> [Directions for this task]: What you give back must match the data exactly, minus the pictures.

> [Dataset extract]:

★ ★ ★ ★ ★ ★ ★

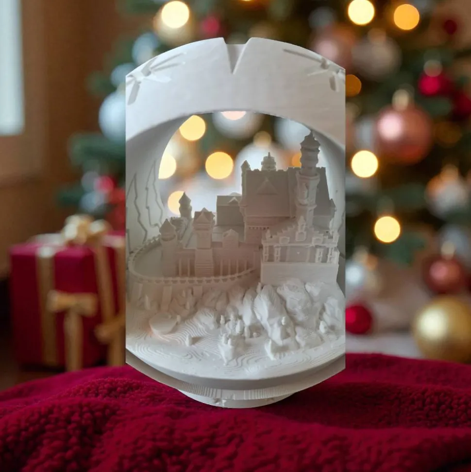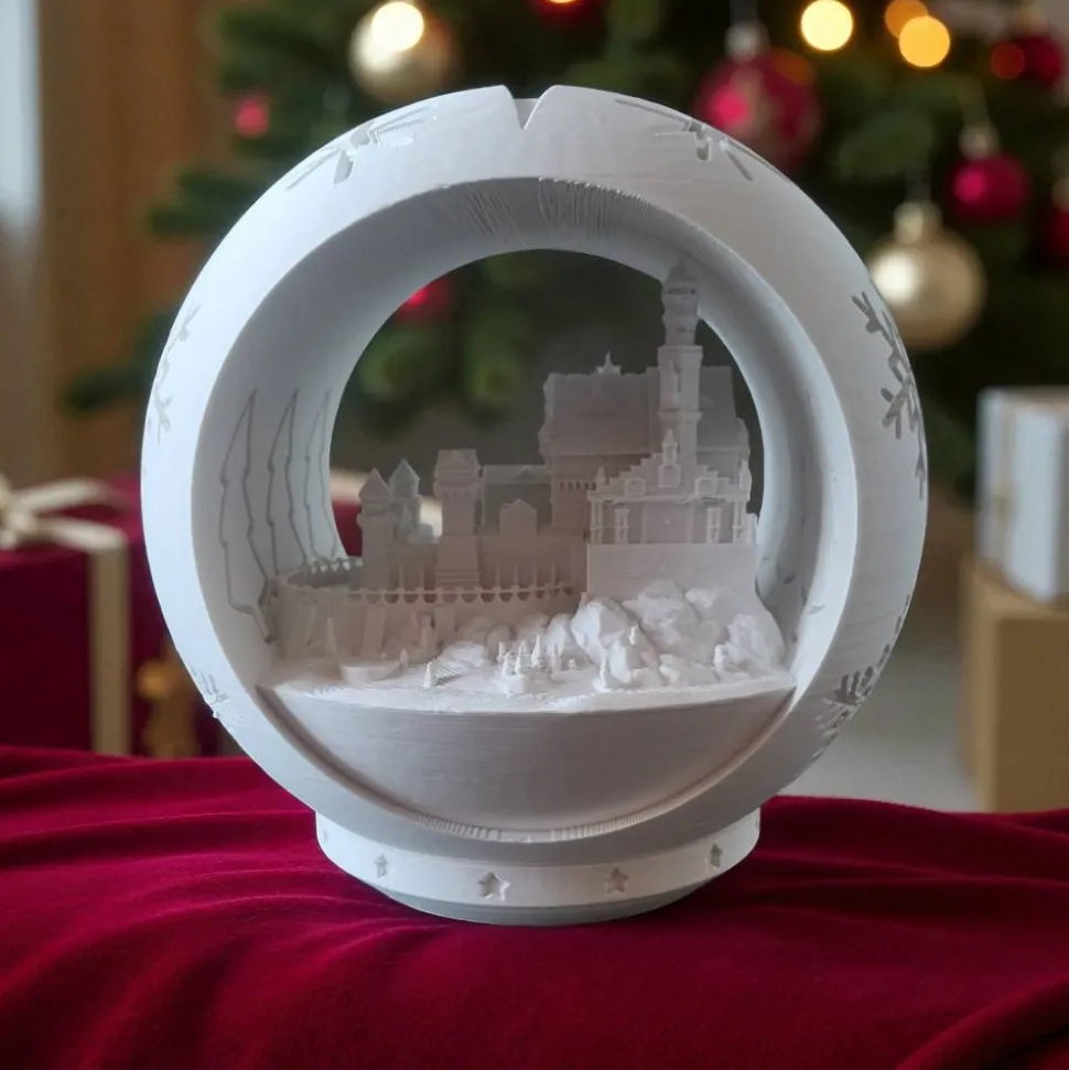 Tauchen Sie Ihr Zuhause in einen märchenhaften Weihnachtsglanz mit dieser einzigartigen, 3D-gedruckten Windlicht Kugel! Im Inneren der Kugel verbirgt sich eine detailgetreue Miniatur des weltberühmten Schloss Neuschwanstein .
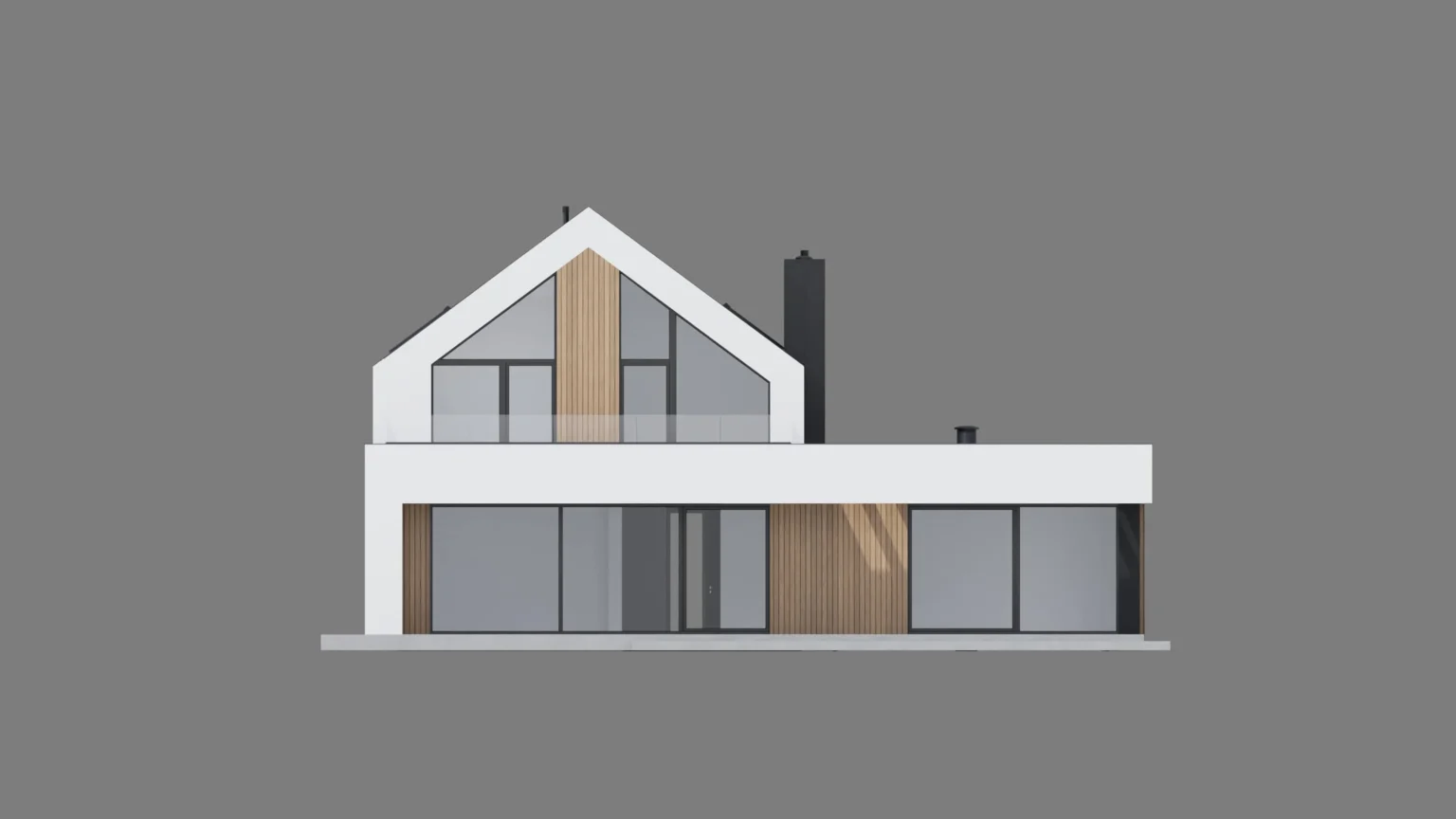Charakterystyczna, geometryczna bryła budynku z dwuspadowym dachem bez okapów idealnie wpisuje się w otoczenie wiejskie i podmiejskie. Elewację wzbogacono o duże przeszklenia, które dodają lekkości formie oraz wprowadzają do wnętrz mnóstwo naturalnego światła.
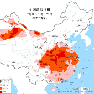 央视网消息:中央气象台7月15日18时继续发布高温橙色预警:预计7月16日白天,陕西关中至黄河下游以南大部地区有35℃以上的高温天气;其中,陕西中南部、山西南部、山东西部、河南、安徽、江苏大部、上海大部、湖北、湖南、江西西部、浙江中北部、四川盆地、重庆、贵州东北部以及内蒙古西部、新疆沿天山地区和南疆盆地等地的部分地区最高气温37~39℃,陕西关中和汉中、山西西南部、河南中南部、湖北北部和西部、重庆北部、四川盆地南部、内蒙古西北部、新疆吐鲁番盆地和南疆盆地部分地区可达40℃以上。

★ ★ ★ ★ ★ ★ ★

> [Response for this exercise]:
 Tauchen Sie Ihr Zuhause in einen märchenhaften Weihnachtsglanz mit dieser einzigartigen, 3D-gedruckten Windlicht Kugel! Im Inneren der Kugel verbirgt sich eine detailgetreue Miniatur des weltberühmten Schloss Neuschwanstein .
Charakterystyczna, geometryczna bryła budynku z dwuspadowym dachem bez okapów idealnie wpisuje się w otoczenie wiejskie i podmiejskie. Elewację wzbogacono o duże przeszklenia, które dodają lekkości formie oraz wprowadzają do wnętrz mnóstwo naturalnego światła.
 央视网消息:中央气象台7月15日18时继续发布高温橙色预警:预计7月16日白天,陕西关中至黄河下游以南大部地区有35℃以上的高温天气;其中,陕西中南部、山西南部、山东西部、河南、安徽、江苏大部、上海大部、湖北、湖南、江西西部、浙江中北部、四川盆地、重庆、贵州东北部以及内蒙古西部、新疆沿天山地区和南疆盆地等地的部分地区最高气温37~39℃,陕西关中和汉中、山西西南部、河南中南部、湖北北部和西部、重庆北部、四川盆地南部、内蒙古西北部、新疆吐鲁番盆地和南疆盆地部分地区可达40℃以上。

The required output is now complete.